Seamless care for the patient: A goal further off now than 10 years ago

This item is over 2 years old; some content may no longer be current
FREE READ
+Columns
In print
FREE READ

Seamless care for the patient: A goal further off now than 10 years ago

Tim Tenbensel 2022

Tim Tenbensel

5 minutes to Read
PreviousNext
Coloured silos Waldemar Brandt on Unsplash
Funding and organisation silos pervade all health systems and integrated care has become something of a policy chimera

POLICY PUZZLER

Tim Tenbensel reports on the immense effort but slow progress towards the ideal of integrated care, begun earlier this century

“Integrated care” has been one of the big ideas getting plenty of traction in 21st century health policy.

There is no such thing as integrated care that is sitting on the shelf ready to be implemented

The concept has its own international foundations and conferences, and has occupied a significant amount of air time in the broader pursuit of health system improvement.

There’s plenty to like about the big idea of integrated care.

After all, why shouldn’t we expect healthcare services to provide patients with a seamless experience, in which the advice and treatment of one practitioner does not cut across another’s? Why shouldn’t we aim to overcome funding and organisation silos that pervade all health systems?

The integrated care movement has provided a great deal of food for thought about how the design and funding of health systems can support integration. Indeed, integrated care was a key plank of the then National Government’s Better, Sooner, More Convenient policy programme of the early 2010s. This was part of a much wider international trend at the time.

New Zealand has often been portrayed to international audiences as a poster child of integrated care. This was largely on the back of sustained evangelism from key figures in the Canterbury Clinical Network. The Canter­bury example certainly showed our policy settings and funding systems are not necessarily the significant barriers to healthcare integration we often make them out to be.

However, we are further from this goal than we were 10 years ago, it seems, from the conversations I have had over the past two years about integrated care with key leaders in community-based health services. They say that, for every step forward, such as the handful of integrated family health centres, there have been equivalent, or larger steps back.

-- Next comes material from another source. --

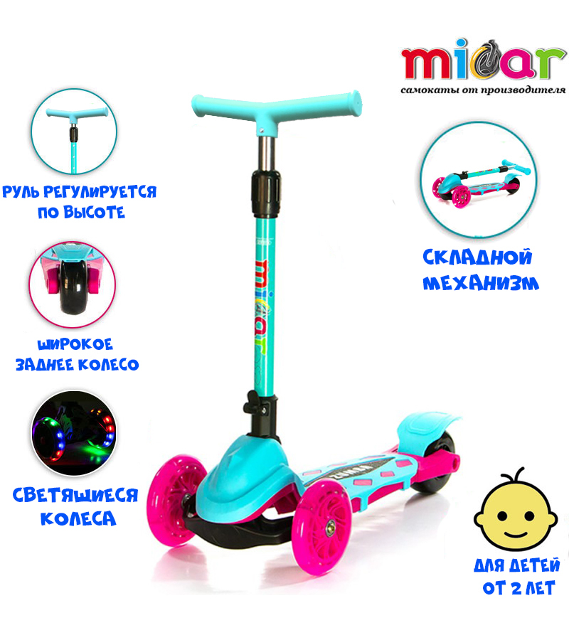 У старшей есть самокат фирмы микар, но другая модель и потяжелее, хотели полегче и это идеальный вариант. До 4-5 лет точно хватит |

DHBs became less interested in integration once they became convinced they didn’t have any flexible resources to sponsor it. Third-sector, not-for-profit primary care organisations have traditionally taken a far more integrated approach to service design. But, apart from Māori and Pacific providers, all have disappeared as a result of the PHO mergers of 2010/11.

If we look internationally, integrated care evangelists have searched high and low for good examples to scale and spread. Tellingly, all examples given are local (such as Canterbury, or the Nuka model in Alaska), or in the case of the US, limited to specific organisations such as Kaiser Permanente and Intermountain Healthcare, which serve as both “payers” and “providers”. There is a dearth of examples of integrated care at the national or even state or provincial scale.

It is noteworthy that we don’t see integrated care in the Health and Disability System Review Panel’s final report, although there is plenty of reference to “a cohesive system” and “connected and whānau-centred services”.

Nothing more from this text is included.